Re: Using the ConfigurationUtil

Posted by Dmitriy Ryaboy <dv...@cloudera.com>.

Tamir,
Try this:
ConfigurationUtil.toProperties(PigMapReduce.sJobConf)

-D

On Mon, Jul 6, 2009 at 11:12 AM, Tamir Kamara <ta...@kamarafamily.com>wrote:

>
> Maybe the script I originally gave isn't a good example, consider this one:
> a = load 'bigfile' as (key1, key2, value);
> badkeys = load 'badkeysfile' as (key1);
> b = cogroup badkeys by key1, a by key1;
> c = filter b by count(badkeys)==0;
> d = foreach c generate flatten(a);
> e = group d by key2;
> f = foreach e generate group, sum(value);
> dump f;
>
> this script will require 2 separate jobs and when knowing that the
> badkeysfile is small, it can be done faster with only 1 job without the
> cogroup.
>
> Maybe we can move passed the reason why I need it and concentrate on the
> how
> - is there another way to load a dfs file in a UDF (other than the one I
> used)?
>
> Tamir
>
> -----Original Message-----
> From: Olga Natkovich [mailto:olgan@yahoo-inc.com]
> Sent: Monday, July 06, 2009 8:25 PM
> To: pig-user@hadoop.apache.org
> Subject: RE: Using the ConfigurationUtil
>
> I think you can just add it to the original cogroup.
>
> -----Original Message-----
> From: Tamir Kamara [mailto:tamirkamara@gmail.com]
> Sent: Monday, July 06, 2009 9:39 AM
> To: pig-user@hadoop.apache.org
> Subject: RE: Using the ConfigurationUtil
>
> Hi Olga,
>
> As I wrote in my previous response - I do not want to use cogroup (and
> filter) because this requires a separate reduce phase which doesn't make
> sense if the second dataset is small enough it's simply a waste of
> resources.
>
> Please read my earlier see why exactly I think a UDF would be better
> here.
>
> Thanks,
> Tamir
>
> -----Original Message-----
> From: Olga Natkovich [mailto:olgan@yahoo-inc.com]
> Sent: Monday, July 06, 2009 7:09 PM
> To: pig-user@hadoop.apache.org
> Subject: RE: Using the ConfigurationUtil
>
> I don't think you need either join or UDF. You can just load you dataset
> and include in the cogroup and then use filter to only keep rows where
> the count for your list is equal to 0. You can look at L5 in
> http://wiki.apache.org/pig/PigMix.
>
> Olga
>
> -----Original Message-----
> From: Tamir Kamara [mailto:tamirkamara@gmail.com]
> Sent: Monday, July 06, 2009 8:49 AM
> To: pig-user@hadoop.apache.org
> Subject: RE: Using the ConfigurationUtil
>
> Hi,
>
> Actually, this is not a replicated join because as you can see in my
> script
> I use the *not* keyword before the function.
> In fact, if there was an option to do an outer (replicated) join then
> that
> would work, but I remember someone once said that all joins are inner.
>
> I have many cases where I want to filter one list that doesn't exist in
> the
> other (similar to NOT IN or MINUS in sql).
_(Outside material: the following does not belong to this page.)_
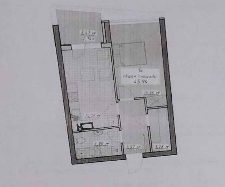 • Житлова кімната — 15,3 м² — велике простір, що дозволяє легко зонувати та організувати ідеальну атмосферу для відпочинку та спілкування.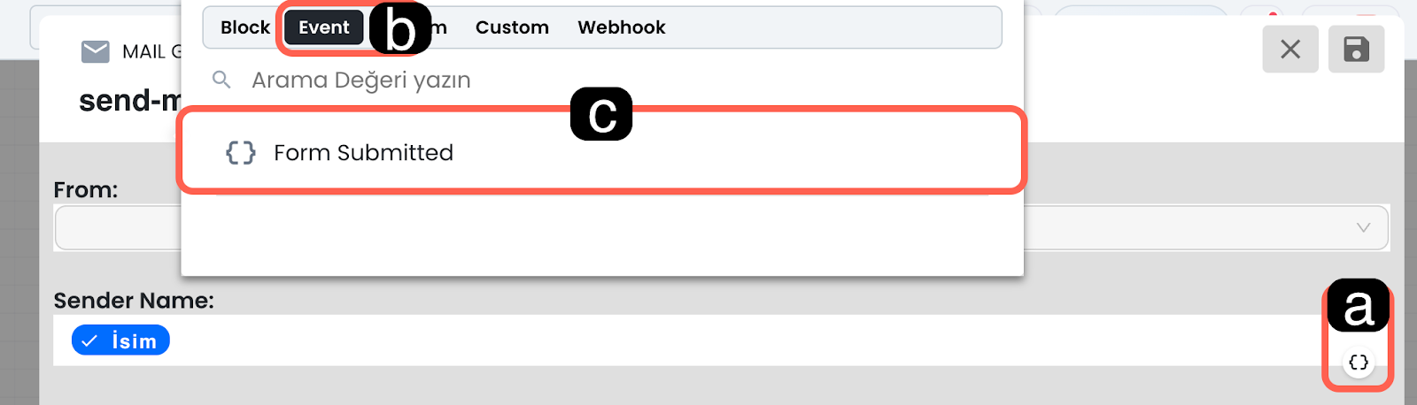 Etkinlik verisini okumak için, bu veri ile işlem yapmasını istediğiniz otomasyon bloğunun içerisine giriş yaparak aşağıdaki adımları izleyebilirsiniz.

Currently the only way of
> doing
> this in to use a cogroup followed by a filter count(something)==0, and
> for
> me it looks like a waste of a MR cycle that costs me a lot of time. What
> I
> tried to do is to write this NOT IN for pig that would save time and
> cycles.
>
> So, back to my original question - what's wrong with the
> ConfigurationUtil
> at the reduce phase?
> Or, is there another way of accessing dfs files within UDFs?
>
> Thanks,
> Tamir
>
> -----Original Message-----
> From: Dmitriy Ryaboy [mailto:dvryaboy@cloudera.com]
> Sent: Monday, July 06, 2009 5:52 PM
> To: pig-user@hadoop.apache.org
> Subject: Re: Using the ConfigurationUtil
>
> JOIN A by id, B by id USING "replicated" PARALLEL 30
>
> On Mon, Jul 6, 2009 at 7:34 AM, Chris Olston <ol...@yahoo-inc.com>
> wrote:
>
> > On 7/5/09 10:55 PM, "Tamir Kamara" <ta...@gmail.com> wrote:
> >
> > >
> > > filters based on a (small)
> > > list of values present in a file in order to avoid another cogroup
> > followed
> > > by a filter.
> >
> > That's a fragment-and-replicate join. Pig has a built-in command for
> that
> > now (anybody know the syntax off-hand?).
> >
> > -Chris
> >
> >
> > > The function gets the dfs path to a file and loads it to memory
> > > and then do the actual matching/filtering.
> > > It seems that if the function is used in the reduce phase then it
> has a
> > > problem with the ConfigurationUtil:
> > >
> > > java.lang.NullPointerException
> > > at
> > >
> >
> org.apache.pig.backend.hadoop.datastorage.ConfigurationUtil.toProperties
> (Con
> fi
> > > gurationUtil.java:45)
> > > at pigUDF.InList.init(InList.java:42)
> > > at pigUDF.InList.exec(InList.java:67)
> > >
> > >
> > > private void init() throws IOException  {
> > >         hs = new HashSet<String>();
> > >         Properties props =
> > > ConfigurationUtil.toProperties(PigInputFormat.sJob); // ***** line
> 42
> > *****
> > >         InputStream is = FileLocalizer.openDFSFile(FilterFileName,
> > > props);
> > >         BufferedReader reader = new BufferedReader(new
> > > InputStreamReader(is));
> > >         while (true) {
> > >             String line = reader.readLine();
> > >             if (line == null)
> > >                 break;
> > >             String FilterField = line.split("\t")[FieldIndex];
> > >
> > >             hs.add(FilterField);
> > >         }
> > >         System.out.println("Hash Size: " + hs.size());
> > > }
> > >
> > > When the function is used in the map then it work perfectly.
> > >
> > > The script I'm using:
> > > REGISTER pigUDF.jar;
> > > %declare bots_file 'bots.txt'
> > > b01 = load 'file01' as (key: long, value: int);
> > > b02 = load 'file01' as (key: long, value: int);
> > > b03 = load 'file01' as (key: long, value: int);
> > > b04 = load 'file01' as (key: long, value: int);
> > > b05 = load 'file01' as (key: long, value: int);
> > > c = cogroup b01 by key, b02 by key, b03 by key, b04 by key, b05 by
> key;
> > > DEFINE INLIST pigUDF.InList('$bots_file', '0');
> > > c1 = filter c by COUNT(b01)>0 and not INLIST(group);
> > >
> > >
> > > Am I doing something wrong?
> > >
> > > Thanks,
> > > Tamir
> >
> > --
> > Christopher Olston, Ph.D.
> > Sr. Research Scientist
> > Yahoo! Research
> >
> >
> >
> >
> >
>
>

RE: Using the ConfigurationUtil

Posted by Tamir Kamara <ta...@kamarafamily.com>.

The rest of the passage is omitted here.